Not many people know it, but the roots of ai translator date back to the 1950s. In the mid-50s, IBM unveiled the first-ever AI machine that can translate a few select words—250 words to be exact, and they are all Russian to English.
The breakthrough was short-lived. In 1964, the Automatic Language Processing Advisory Committee released a report proclaiming that machines could never produce accurate translations and investing in them is a waste of money.
It’s a good thing that scientists were persistent. The IBM model serves as the basis for what would become the ai translator using statistical machine translation technology.
So What is Statistical MT?
At the heart of the Statistical MT is the predictive algorithm used by the computer on how to translate a statement. It takes a lot of input to create accurate linguistic data to make the translation more accurate as time goes on.
Among the different subgroups of Statistical MT are:
- Word-based translation
- Phrase-based translation
- Hierarchical phrase-based
Simply put, the model works by examining a statement and taking key words to “predict” what it means. So you have a basic understanding of what the speaker is trying to say, but it’s not a word-for-word translation.
Evolution in Machine Translation
In 2003, some University of Montreal researchers, led by YoshuaBengio, have created a new language model that took advantage of neural networks.
A neural network is defined as a sequence of algorithms that tries to find a connection in the data. What makes it different is that it tries to imitate how the human brain works. Their language model is the father of modern Neural Machine Translation (NMT).
It wasn’t until a decade later when NMT would hit a breakthrough, thanks to the encoder-decoder language developed by Phil Blunsom and NalKalchbrenner. Deep learning became possible when they developed a structure that inputs data into the Convolutional Neural Network, which will then be decoded using a Recurrent Neural Network.

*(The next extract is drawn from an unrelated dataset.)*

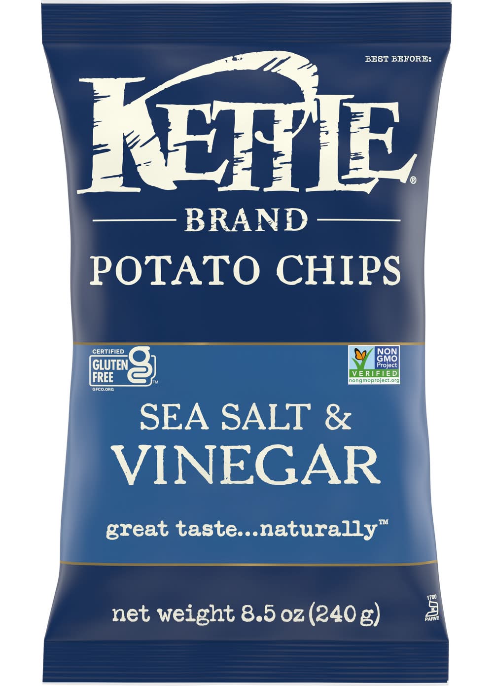 Kettle Brand Salt & Vinegar kettle chips start with a search for undisputed potato excellence. Determined not to disrupt the flawless, spudsy goodness, these beauties are kettle cooked, skins on, one small batch at a time. Delight your taste buds with the delicate balance of sea salt and a hint of tongue-puckering vinegar. And of course, these chips come complete with the satisfying crunch you love. When you open a bag of our Kettle Brand potato chips, you know you're getting incredible kettle chips made with authentic recipes by real people. From their farms to our kitchens and then to your home, the time and attention every Kettle Brand worker puts into their products is care you can trust. All that, plus Kettle Brand chips deliver a delicious snack that’s non-GMO Project Verified and Certified Gluten-Free. This large 8.5-ounce bag of chips is perfect for sharing at parties, picnics, or just snacking on the couch. Kettle Brand potato chips. Extra in a good way. • Kettle Brand, 3125 Kettle Court SE, Salem, OR • Packaging: Reusable
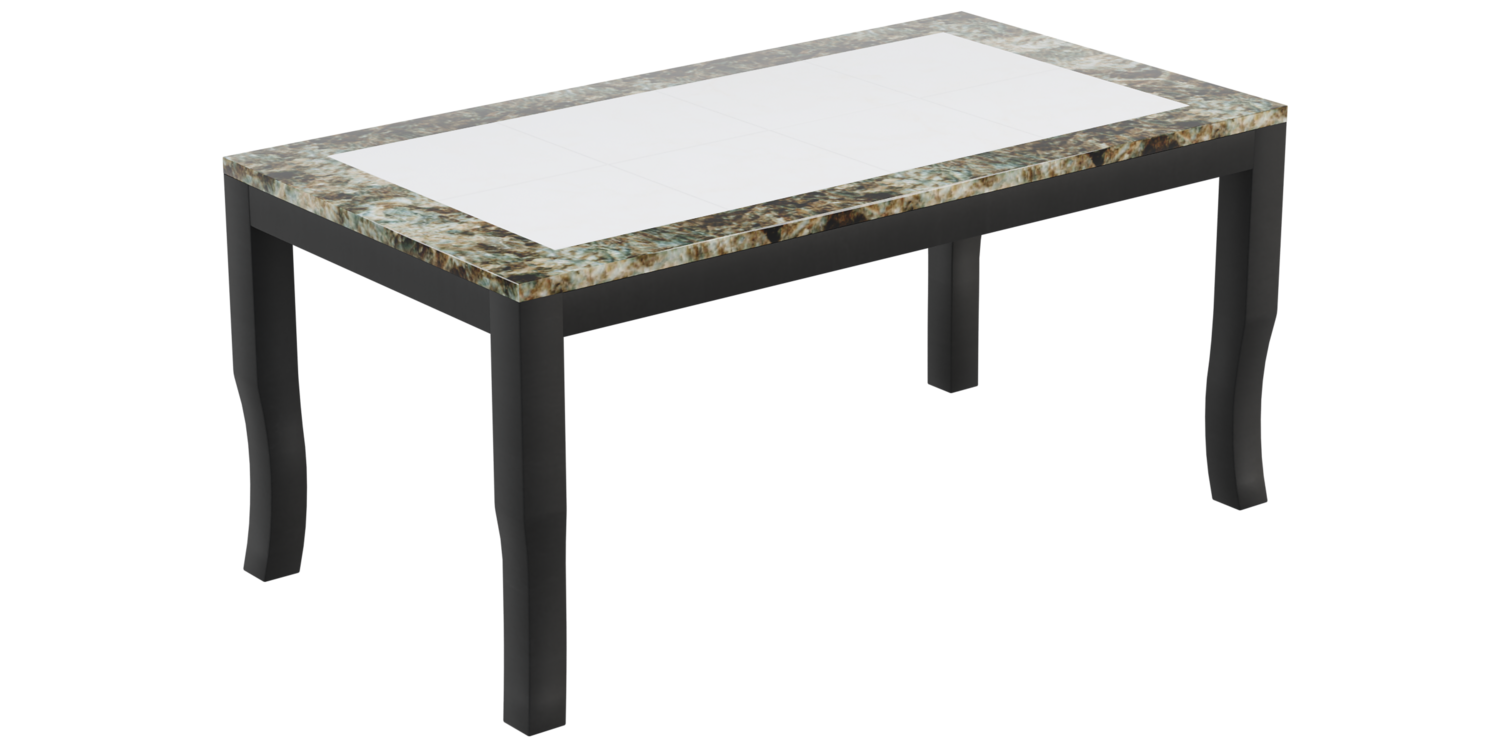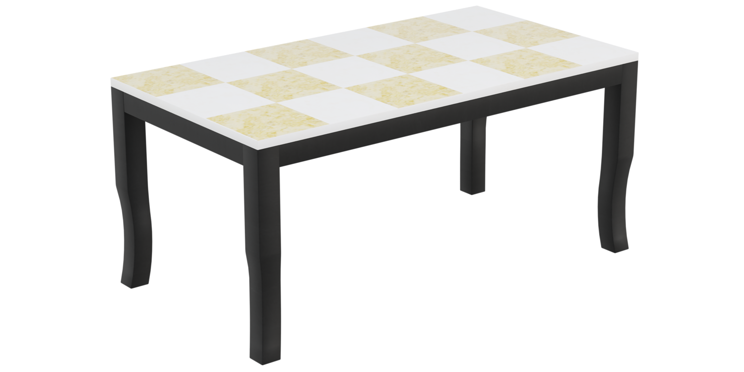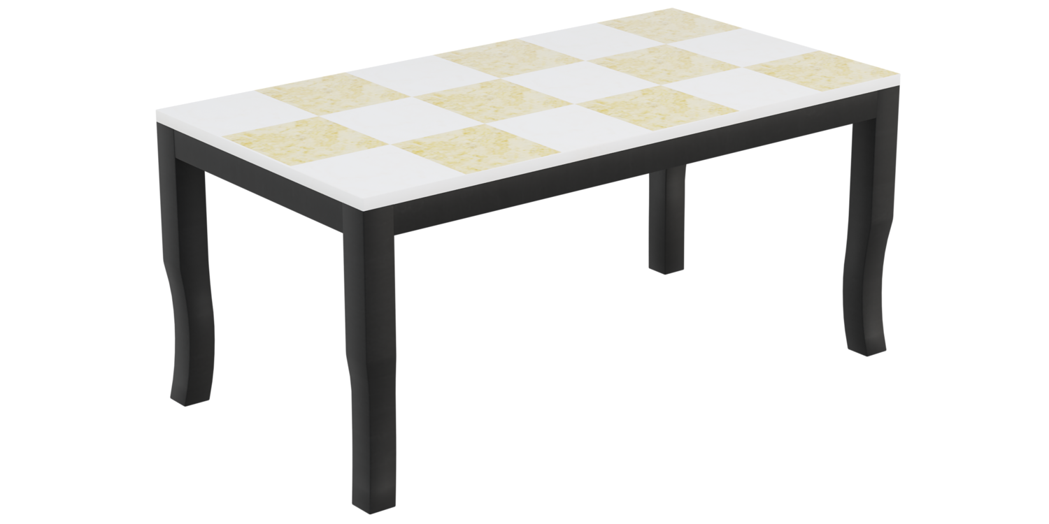 Sturdy kitchen table with a checkered tile top, great for dining and prep work.

Thus, the AI translator using NMT was born.
- NMT uses more extensive linguistic data compared to Statistical MT
- NMT fills in the gap caused by the natural data sparsity of Statistical MT
- SMT is still better when parsing long and complex sentences
- NMT works better in analyzing commonality in words compared to Statistical MT
- NMT is much more accurate in translating between languages
- NMT can be used on one system rather than a series of systems which Statistical MT relies on
- NMT has the machine-learning capability, which means it can learn to be more accurate on its own. Statistical MT is rule-based
- NMT has zero-shot translation capabilities whereas Statistical MT has none
The problem with language is that it’s never simple. For instance, the Statistical MT uses a pivot that allows the machine to come up with the most accurate translation. For example, if it’s trying to translate Russian to English but couldn’t find the meaning of the word, it looks for a pivot, in this case, the Polish language.
However, using this model, errors in language are carried over onto the translation. The NMT, meanwhile, is not heavily dependent on the pivot. Instead, all language data are fed into the system, and the translator will try to find the relationship between multiple sets of data.